На ней было длинное, бесформенное платье из черного бархата, плотные черные колготки и серебристо-синие тяжелые ботинки – в таких только по Луне передвигаться. Однако во всем, что не касалось внешности, Елена обладала отменным вкусом. Магазин будто сошел со страниц викторианского романа: элегантный, уютный, с неповторимой атмосферой. Сюда могли бы захаживать Эдит Уортон7 и Эдгар Аллан По.
Мы обменялись последними сплетнями и новостями.
– Я слышала о Шаймене, – она вздохнула. – Жуткая трагедия. Убийцы забрали бумажник?
– Не знаю… Кстати, незадолго до смерти он попросил меня помочь с одной книгой. Настоящая мистика!
– Да? – Елена удивленно приподняла брови.
Она любила читать мистические истории: например, как в далеком семнадцатом веке инспектор Уиттенбрир и леди Уайдмаут из Нового Амстердама встретили славного парня по имени Бенджамин Франклин8.
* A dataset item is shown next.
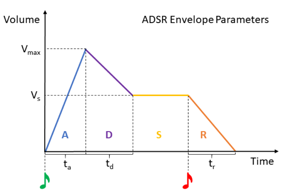Nábeh (attack) predstavuje čas, ktorý zvuku trvá, kým začne znieť, teda od úplného ticha hneď po stlačení klávesy alebo akéhokoľvek vstupu (napríklad tlačidlo na ovládači) až po stanovenú maximálnu hlasitosť. Útlm (decay) určuje čas toho, ako sa hlasitosť daného zvuku znižuje po nasledujúcu hodnotu trvania. Trvanie (sustain) je úroveň zvuku, ktorá ostáva nemenná počas trvajúceho držania klávesy alebo spustenia akéhokoľvek vstupu, až pokým klávesu nepustíme, resp. vstup neuvoľníme. Uvoľňovanie (release) predstavuje čas, ktorý zvuku trvá, kým od poslednej hodnoty neprejde do úplného ticha, resp. zastavenia.

– Видишь ли, я никогда раньше не слышала об этой книге. По-моему, она называется «Книга о бесценной субстанции». Что-то в этом роде.
– Хм…
– Надеюсь, мне удастся ее найти – для семьи Шаймена. Он сказал, что ему предложили за нее семизначную сумму. Или шестизначную. Но я понятия не имею, что это за книга и кто покупатель.
Почему я решила приплести родственников Шаймена?.. Они явно ничего не знали о книге и плевать на него хотели – не было никакой необходимости учитывать их интересы. Лукас наверняка думал так же. Может, дело было в самой книге? Не из-за нее ли я перестала отличать добро от зла и правду от лжи?
– Попробую помочь. Все-таки в мире не очень много людей, готовых выложить миллион баксов за книгу.
– Знаешь, что меня удивляет? Почему коллекционер обратился именно к Шаймену?
– Вероятно, больше не знал никого, кто занимался бы дорогими изданиями. А на Шаймена вышел благодаря книгам о войне, которыми тот торгует. Торговал…
– Вполне может быть.
– Я в этом не разбираюсь, но Арчи наверняка что-то известно.
Муж Елены – вышедший на пенсию профессор университета – тоже происходил из семьи коренных ньюйоркцев, сплошь интеллектуалов и писателей. Арчи уехал на пару дней в Калифорнию, чтобы приобрести редкие издания у коллекционера, владеющего виноградником в Сономе. Его бюджет на покупку значительно превышал мой. Елена пообещала поговорить с мужем и сообщить, если получится что-то выяснить.
Мы попрощались, я взяла свои пакеты и вышла на улицу. Затем проверила телефон: Лукас так и не написал. Больше меня в городе ничто не держало.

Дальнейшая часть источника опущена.